Imagine a fairytale village in the remote Dutch countryside: lush and green, full of wildlife, it has footbridges and canals instead of streets, boats and bikes instead of cars, no Starbucks, no KFC, not even an Albert Heijn. This is Giethoorn, population 2,620.
Now imagine it packed to its lush, green gills with Asian tourists. Lots of them (200,000 Chinese tourists a year according to Wikipedia). You can't really see it from my pictures, but for the first few hours we were there, there was a constant, logic-defying stream of obviously foreign people clogging the tiny sidewalks and bike paths. Walking from the general parking area, the first restaurant menu you see is in Chinese. There are Chinese signs all over the place, half welcoming ("Daily specials! Cheap prices!") and half threatening ("Keep out", "Private property", "This is a mailbox not a garbage can, you ignorant slanty-eyed tourist scum").

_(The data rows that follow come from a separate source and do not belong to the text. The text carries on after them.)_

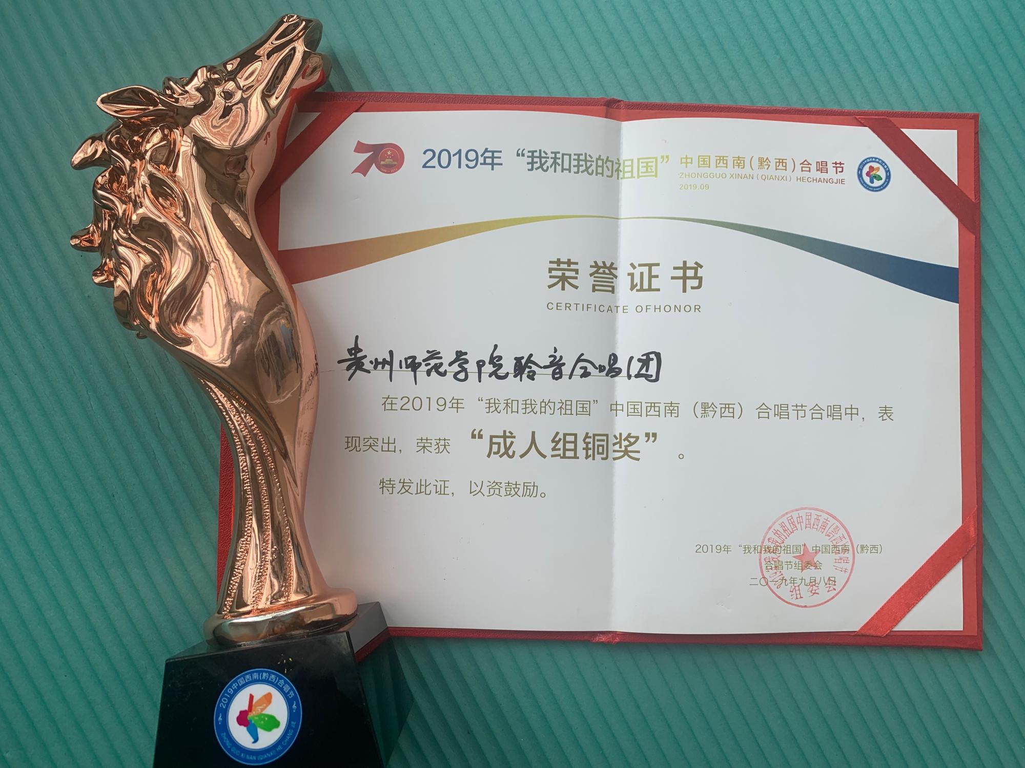 9月7日晚,“2019年‘我和我的祖国’中国西南合唱节”落下帷幕,2026年世界杯官网聆音合唱团参加了最后的决赛。在比赛中,聆音合唱团演唱了《夜歌》和《吉且古》两首民族风格合唱曲目。在演唱过程中,合唱团的四个声部平衡默契,和声唯美,音乐语言表达精准,给现场观众和评委留下深刻的印象,整个表演过程潇洒自如,表 现优异。经过激烈的角逐,公司聆音合唱团夺得成年组铜奖。
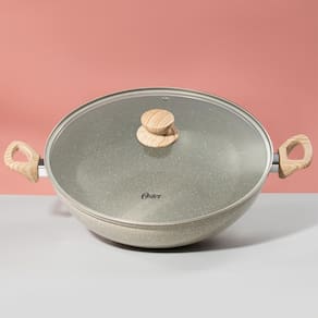 Versatilidade na cozinha: a frigideira wok de cor marmorizada cinza dust, oferecendo versatilidade para suas necessidades culinárias.
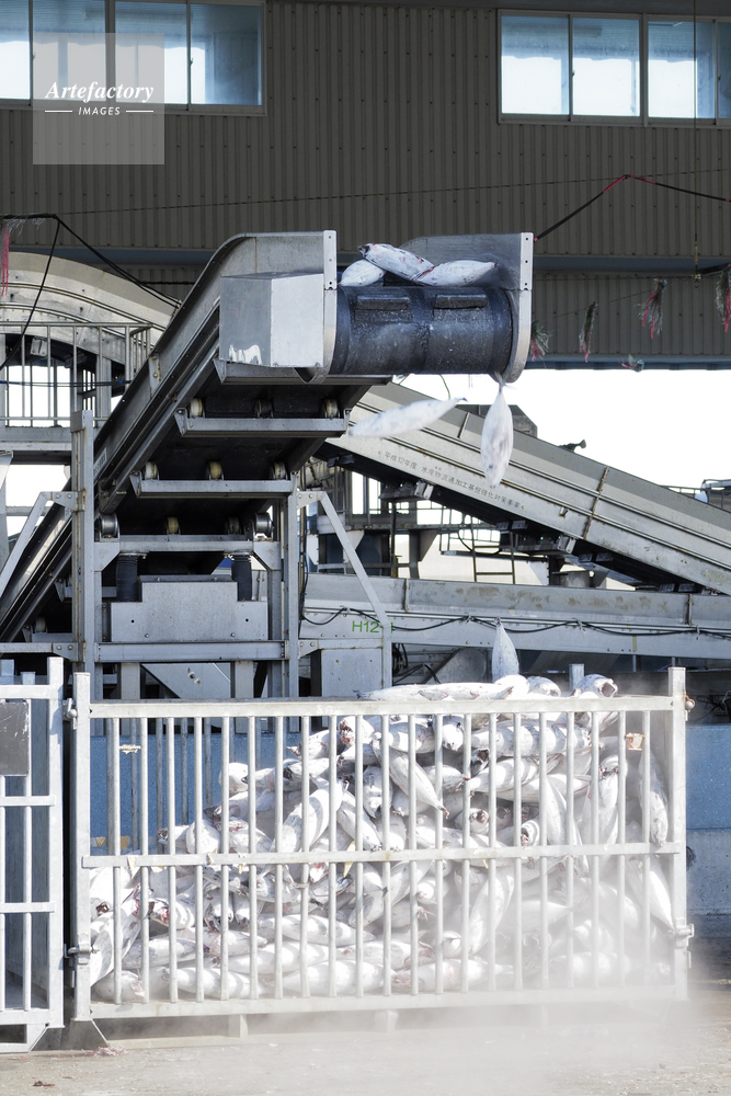 | 作品タイトル | 冷凍のカツオ 漁船からコンテナーボックスに運ばれる | モデルリリース | なし | |

Of course we don't really know what most of the Chinese signs say. The signs about the mailbox not being a garbage can is real (minus the racial slur), though, because it was written in like four languages on more than one mailbox.

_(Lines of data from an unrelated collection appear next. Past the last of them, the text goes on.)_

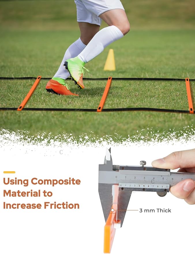 - Adjustable Agility Rung Design: Each rung is 16.5" long, and the space between rungs is adjustable up to 15" inch. You can simple adjust it in the nylon straps so as to meet your workout demands in grass ground or playground
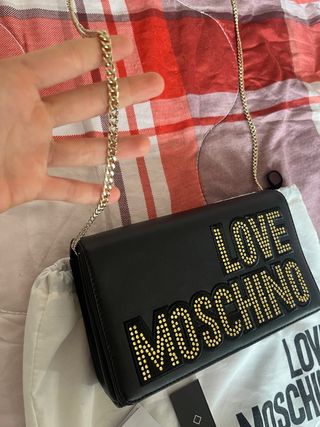 Elegante borsetta Love Moschinop originale perfetta per aggiungere un tocco di stile. - Dettagli con borchie dorate. - Tracolla a catena. - Include dustbag originale.
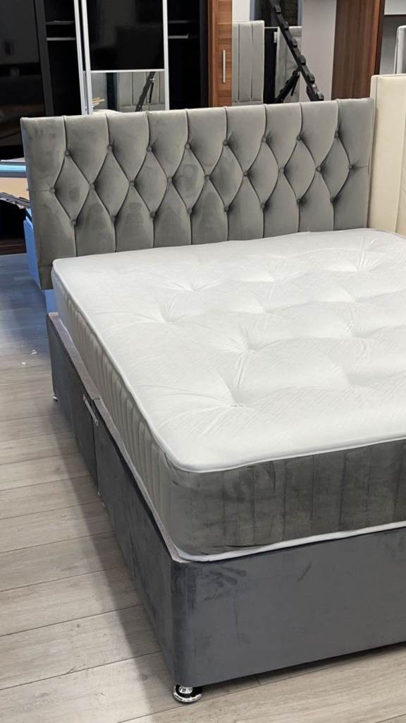 DIVAN BED || Double Divan Bed Panel line bed grey with mattress FREE DELVIERY
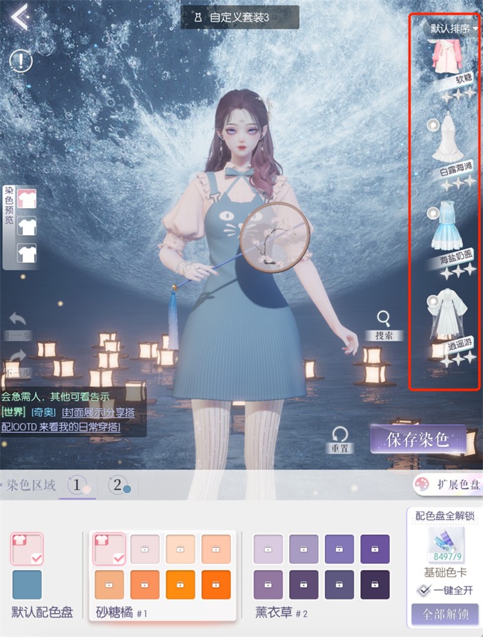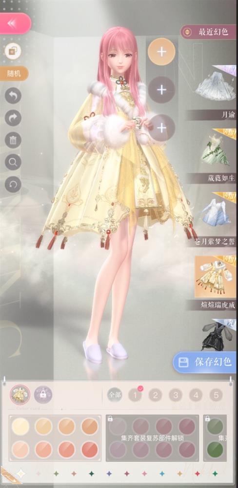 接下来是闪暖的染色门槛。获得可染色时装后,只有1个提取色色盘可用,无卡套装需在套装集齐后才能解锁10个色盘;带卡套装需在套装集齐,并对套装进行复苏后才能解锁10个色盘,全部色盘解锁后开启自定义调色。

When we first got there, the initial reaction to Giethoorn was puzzlement ("What are these throngs of badly-dressed, overweight people doing here, shuffling zombie-like from one end of the town to the other, or incessantly taking selfie after selfie") and sympathy ("My god, this would be a really beautiful place if it wasn't for all of these tourists, how could you possibly live here.").

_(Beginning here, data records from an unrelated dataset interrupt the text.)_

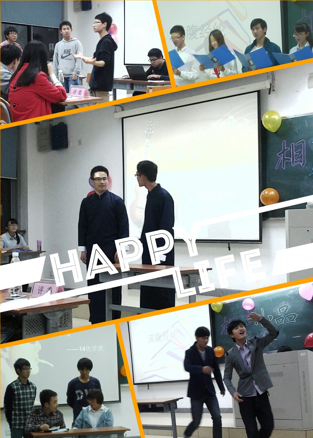 18时30分,初赛在四位主持人诗一般的开场白中拉开帷幕!首先,由来自材料与化学化工学部的杨子涵和何子涵带来的相声-----《我的学生时代》。他们调侃地讲述了学生时代的事情,一捧一逗,配合默契,现场掌声雷鸣。紧接着是小品《杀死大哥》,2014级化学类倾情原创,搞怪的演绎让人忍俊不禁。而兄弟院系纳米科学技术学院的同学则精彩演绎了小品《男生宿舍的蜕变》,然后连着四个是材料与化学化工学部的小品,分别是《扶不扶》、《我的大学》、《女生宿舍,男生止步》和《小鲜肉上大学》,也都很抢眼。东吴相声社也派出代表,带来一段相声《抬杠》,表演十分到位,值得其他队伍学习。最后是材料与化学化工学部2014级强化班的现代相声《这是三国吗》,在演员神采飞扬、口若悬河,娓娓道来之际,观众已是啼笑皆非。其间,每个参赛小组表演结束后,评委都给出了颇具建设性的意见。
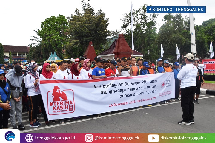 KOMINFO TRENGGALEK - Jalan sehat digelar Palang Merah Indonesia (PMI) Kabupaten Trenggalek dalam rangka memperingati HUT Relawan PMI ke 14 (26 Desember 2018) sekaligus HUT Relawan Internasional (5 Desember 2018).
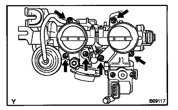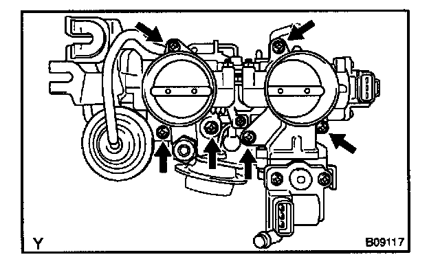 d. Reinstall a new No.1 throttle body and No.2 throttle body with the 6 screws.

And then around 18:00, we rented a boat from the one place that let you rent boats after 18:00. And you kind of got why people would have first started to come to Giethoorn. The buses of tourists had left by then, the canals were mostly empty, we saw four other boats the whole time I think, it had just started to drizzle, and everything was really quiet and tranquil. It was a bit like a fairytale village. Insert witty/pithy closing sentence here.